» **YOUR GOAL**
When you reach the line in the listing below that contains "Night street scene", begin returning lines exactly as written, and stop after the line that contains "The mural shows". Return no other lines.

» **RECORDS PROVIDED**
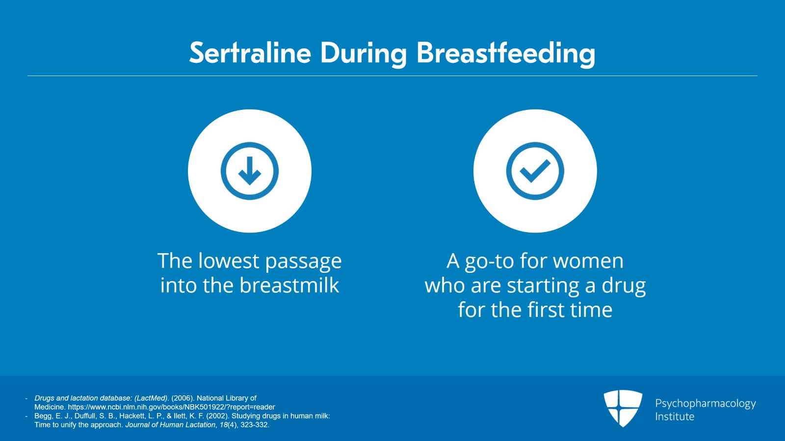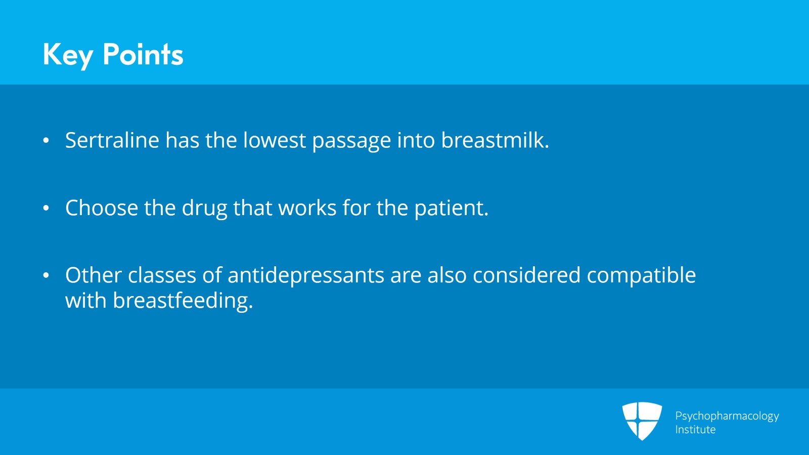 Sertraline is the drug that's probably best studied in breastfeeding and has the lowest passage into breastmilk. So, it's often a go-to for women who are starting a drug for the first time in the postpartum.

--

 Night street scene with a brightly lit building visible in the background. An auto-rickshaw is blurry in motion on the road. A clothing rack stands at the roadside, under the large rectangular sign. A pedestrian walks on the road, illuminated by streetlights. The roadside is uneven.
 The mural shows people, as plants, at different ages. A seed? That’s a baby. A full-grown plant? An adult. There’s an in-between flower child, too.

» **SOLUTION TO THE EXERCISE**
 Night street scene with a brightly lit building visible in the background. An auto-rickshaw is blurry in motion on the road. A clothing rack stands at the roadside, under the large rectangular sign. A pedestrian walks on the road, illuminated by streetlights. The roadside is uneven.
 The mural shows people, as plants, at different ages. A seed? That’s a baby. A full-grown plant? An adult. There’s an in-between flower child, too.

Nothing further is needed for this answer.